Xconomy Forum: Healthcare’s Punctuated Equilibrium

Xconomy Innovation at Biotech's EpicenterLast week we had the pleasure of speaking at the Xconomy Forum: Innovation at Biotech’s Epicenter. It was only fitting that this meeting be hosted in the burgeoning biotech neighborhood of San Francisco’s Mission Bay, the latest urban biotech core to spring up in the Bay Area, the birthplace of modern biotechnology.

The opening Keynote was presented by UCSF’s Chancellor, Sam Hawgood, who argued that the collision between technological sciences and the advancement in big data and medicine has positioned healthcare for a new era in punctuated equilibrium. Hawgood argued that in order to take advantage of this exciting era, the life science and healthcare community must capitalize on partnerships, both public and private, openly sharing data and collaborating on projects. We were humbled that DNAnexus was mentioned by the Chancellor for our contribution to clinical cancer care with UCSF.  As we look to 2015, we are prepared for this disruptive change, with collaborative and scalable technologies that enable researchers to work together, share ideas and data, and tackle some of the most exciting opportunities in human health.
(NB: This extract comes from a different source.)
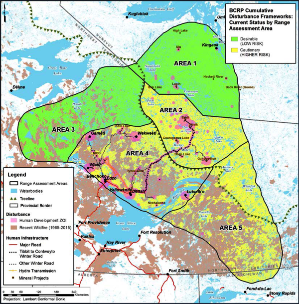 Cumulative disturbance framework current status by range assessment area - from Bathurst Caribou Range Plan Interim Discussion Document, GNWT
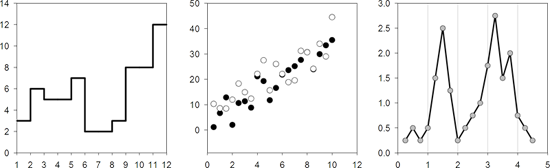 散布図 (scatter)、折れ線 (line) グラフ、折れ線/散布図 (line/scatter) では、グラフのデータをシンボル、シンボルなしのライン、シンボルとラインを使ってプロットできます。ラインの形状には、点と点を結ぶ線分 (straight segment)、スプライン、または、階段 (step) を選ぶことができます。いずれのプロットタイプにおいても、XY 両軸にドロップラインを追加でき、シンボル付きプロットについてはエラーバーを追加できます。また各曲線に対しては、信頼/予測区間を伴う線形または多項式の回帰線を描画できます。

Our CMO, Dr. David Shaywitz, played moderator and panelist for the forum’s discussion on big data for big (and small) biopharma, stacked with a very talented and seasoned group of industry leaders: Gini Deshpande, CEO for NuMedii, Dongliang Ge, Director of Bioinformatics for Gilead Sciences, and Rick Morrison, CEO for Comprehend Systems. This group took on challenging questions, like “What is the key blocker to getting pharma to adopt an agile Silicon Valley mindset?” Deshpande noted that applying genomics to drug discovery seemed a bit aspirational to some skeptics at the moment. Morrison argued that it’s hard to break old habits: The Silicon Valley philosophy of “move fast and break things” doesn’t work in medicine — it’s people’s lives at stake if “things break,” he noted.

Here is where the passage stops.